• **Brief**: Your answer must be an exact transcription of the data, with every picture omitted.

• **Data shown**:
************

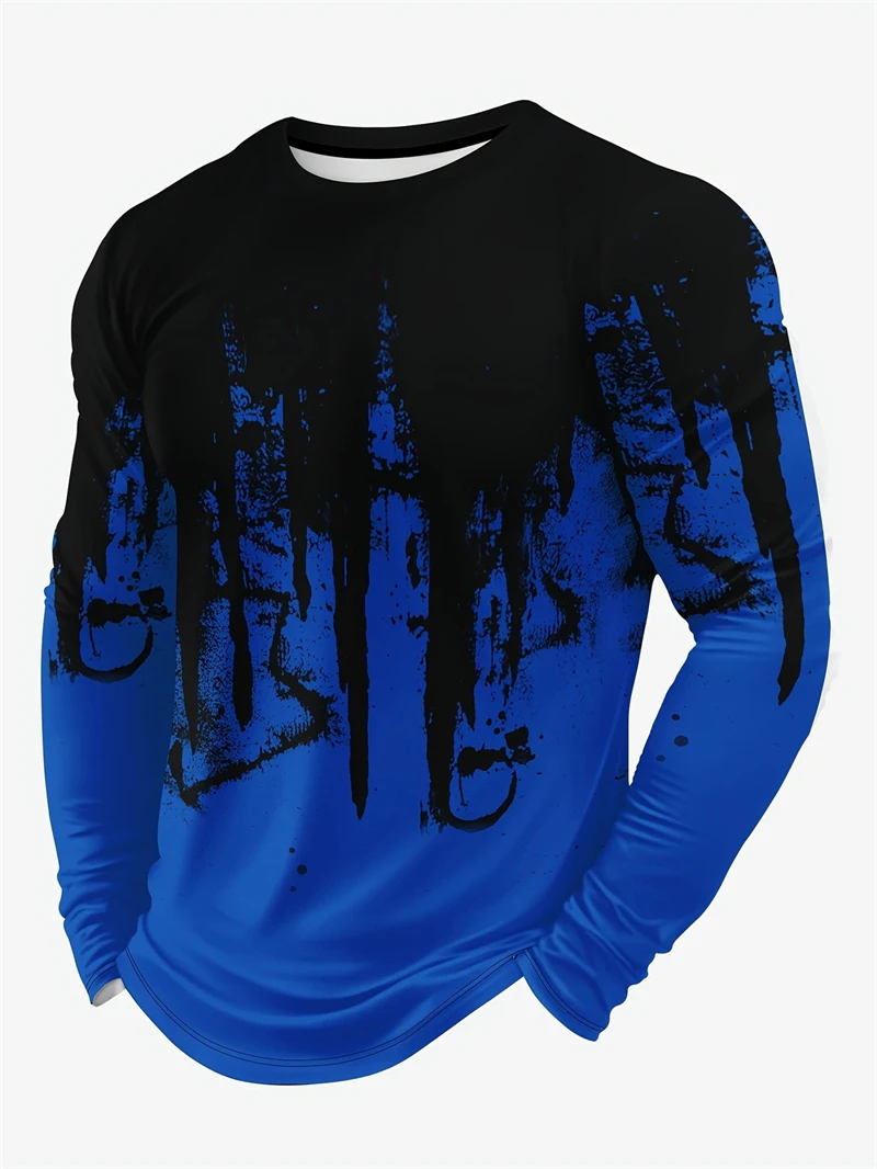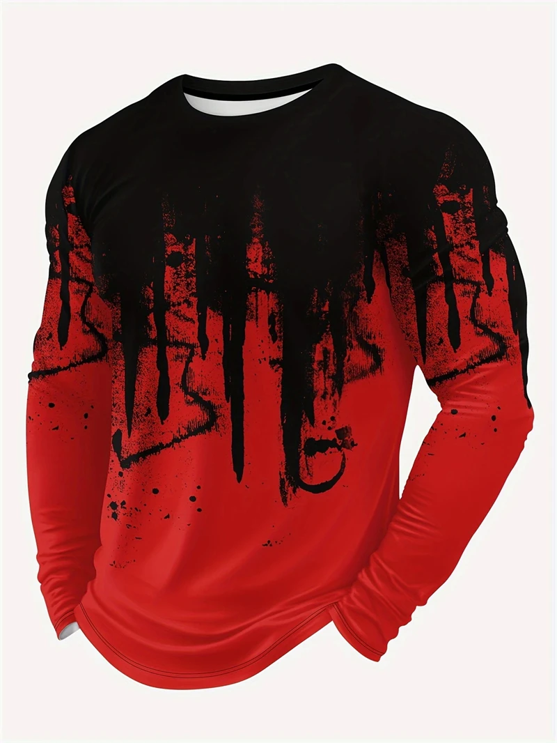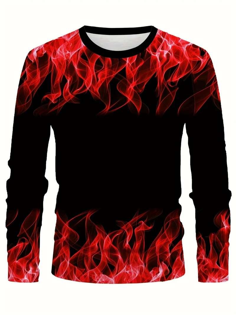 T-shirt girocollo a maniche lunghe stampata con fiamma 3D da uomo in tessuto lavorato a maglia da uomo primavera autunno Street Style manica lunga abbigliamento da uomo
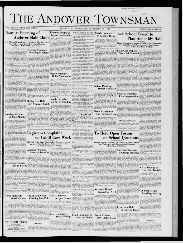 ME MOR I A LHAL LLI BRARY,ANDOVER. | aMA S S .1 he Andover T ownsman Aniln .fr r.r rrw lirr r and ! , Aral, l u l t h e m .n l 7, atralchtforw ard. ol.rr, patriotic N . E n ilan d TownPHILLIPS MtOOKSANDOVER.MASSACHUSETTS,R
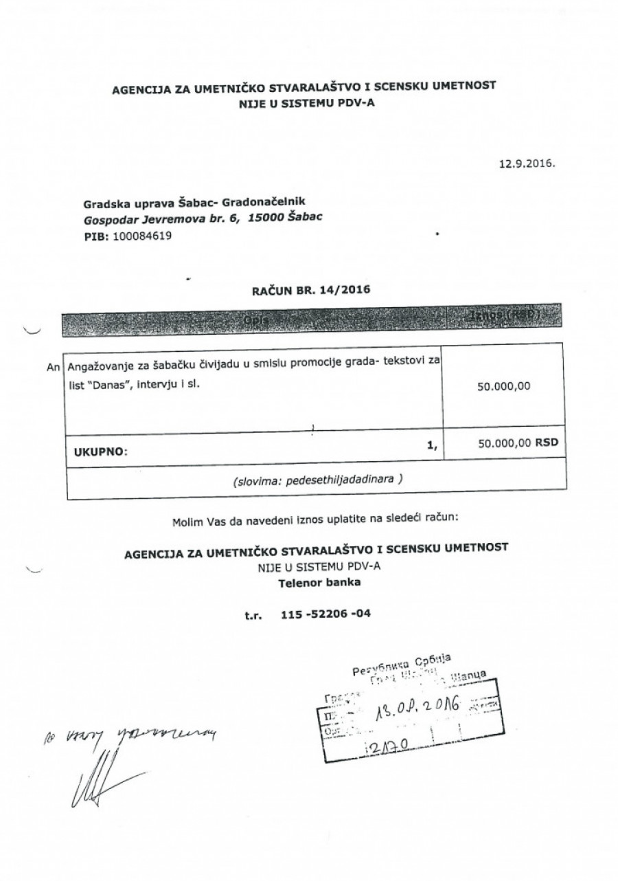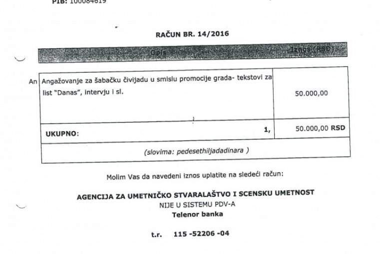 Šta je sve Šabac plaćao voditelju* učestvovanje na Sajmu vina * Festival evropskog filma * priprema za posetu kanadskog ambasadora, promocija grada * aktivnosti vezane za šabački letnji festival * angažovanje za šabačku čivijadu u smislu promocije grada - tekstovi za list Danas, intervju i sl. * Čivijada - internet-prezentacija šabačkog vašara * usluge prevodioca * aktivnosti vezane za dolazak grčkog konzula, materijal, pokloni |
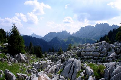The mountain presents an unusual combination of vertical Dolomite-like cliffs alongside gentle alpine meadows, creating distinct environments for flora and fauna.

************

• **Answer box**:
 T-shirt girocollo a maniche lunghe stampata con fiamma 3D da uomo in tessuto lavorato a maglia da uomo primavera autunno Street Style manica lunga abbigliamento da uomo
 ME MOR I A LHAL LLI BRARY,ANDOVER. | aMA S S .1 he Andover T ownsman Aniln .fr r.r rrw lirr r and ! , Aral, l u l t h e m .n l 7, atralchtforw ard. ol.rr, patriotic N . E n ilan d TownPHILLIPS MtOOKSANDOVER.MASSACHUSETTS,R
 Šta je sve Šabac plaćao voditelju* učestvovanje na Sajmu vina * Festival evropskog filma * priprema za posetu kanadskog ambasadora, promocija grada * aktivnosti vezane za šabački letnji festival * angažovanje za šabačku čivijadu u smislu promocije grada - tekstovi za list Danas, intervju i sl. * Čivijada - internet-prezentacija šabačkog vašara * usluge prevodioca * aktivnosti vezane za dolazak grčkog konzula, materijal, pokloni |
The mountain presents an unusual combination of vertical Dolomite-like cliffs alongside gentle alpine meadows, creating distinct environments for flora and fauna.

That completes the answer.